> _Provided material_:

::::::::

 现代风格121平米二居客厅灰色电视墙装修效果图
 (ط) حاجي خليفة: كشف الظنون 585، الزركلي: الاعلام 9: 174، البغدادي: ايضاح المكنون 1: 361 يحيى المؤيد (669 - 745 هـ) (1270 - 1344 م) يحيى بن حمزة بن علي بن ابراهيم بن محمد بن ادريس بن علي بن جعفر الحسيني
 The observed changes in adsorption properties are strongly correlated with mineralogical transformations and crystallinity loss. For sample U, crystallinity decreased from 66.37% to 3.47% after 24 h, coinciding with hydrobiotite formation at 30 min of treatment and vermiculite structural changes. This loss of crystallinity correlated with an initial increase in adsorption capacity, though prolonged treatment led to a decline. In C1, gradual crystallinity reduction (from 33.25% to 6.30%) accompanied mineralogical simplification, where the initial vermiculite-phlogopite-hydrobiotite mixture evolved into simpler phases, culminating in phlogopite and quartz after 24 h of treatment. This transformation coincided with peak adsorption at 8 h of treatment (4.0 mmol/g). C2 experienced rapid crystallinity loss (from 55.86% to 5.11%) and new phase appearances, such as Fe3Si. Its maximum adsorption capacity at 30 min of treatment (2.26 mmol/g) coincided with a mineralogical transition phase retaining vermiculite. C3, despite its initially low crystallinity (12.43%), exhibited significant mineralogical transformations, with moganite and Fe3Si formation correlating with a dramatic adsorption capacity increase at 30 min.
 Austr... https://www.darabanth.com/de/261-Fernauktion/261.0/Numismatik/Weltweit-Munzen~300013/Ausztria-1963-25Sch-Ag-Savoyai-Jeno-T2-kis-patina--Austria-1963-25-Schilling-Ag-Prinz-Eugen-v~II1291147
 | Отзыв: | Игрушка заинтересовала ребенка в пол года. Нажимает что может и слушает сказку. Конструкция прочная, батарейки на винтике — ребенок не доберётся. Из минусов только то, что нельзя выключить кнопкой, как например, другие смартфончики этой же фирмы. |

::::::::

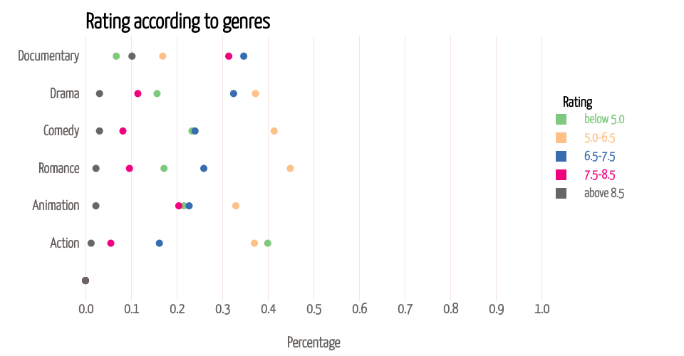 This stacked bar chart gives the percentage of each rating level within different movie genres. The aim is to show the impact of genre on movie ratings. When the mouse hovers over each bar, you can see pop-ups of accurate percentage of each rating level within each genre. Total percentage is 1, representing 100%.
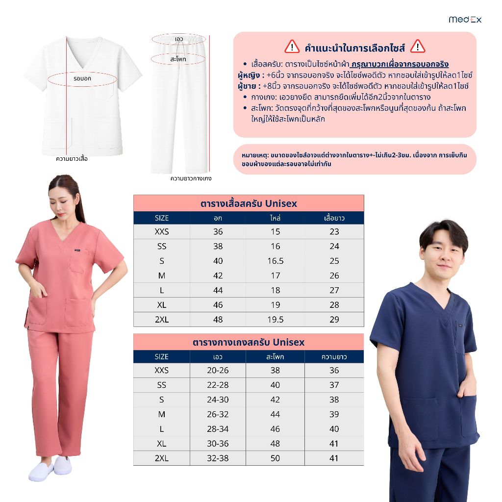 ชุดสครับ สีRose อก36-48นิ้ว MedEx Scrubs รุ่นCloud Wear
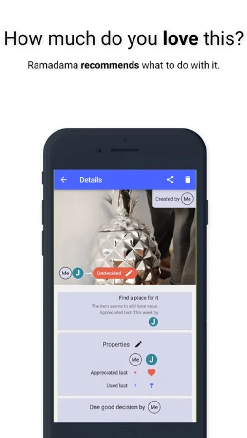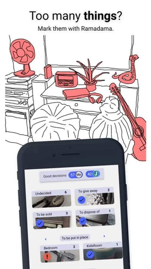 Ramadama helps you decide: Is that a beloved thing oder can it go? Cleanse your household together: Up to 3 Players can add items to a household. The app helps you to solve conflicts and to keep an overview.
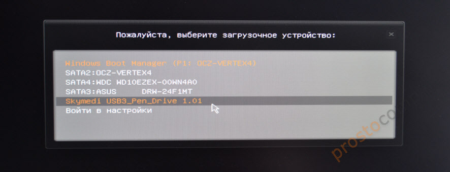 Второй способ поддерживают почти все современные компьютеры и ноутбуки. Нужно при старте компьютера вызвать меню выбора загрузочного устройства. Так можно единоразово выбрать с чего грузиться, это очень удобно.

::::::::

> _Task goal_: Return exactly the lines above from the line that has "现代风格121平米二居客厅灰色电视墙装修效果图" through the line that has "(ط) حاجي خليفة: كشف", inclusive, and nothing else.

> _Exercise result_:
 现代风格121平米二居客厅灰色电视墙装修效果图
 (ط) حاجي خليفة: كشف الظنون 585، الزركلي: الاعلام 9: 174، البغدادي: ايضاح المكنون 1: 361 يحيى المؤيد (669 - 745 هـ) (1270 - 1344 م) يحيى بن حمزة بن علي بن ابراهيم بن محمد بن ادريس بن علي بن جعفر الحسيني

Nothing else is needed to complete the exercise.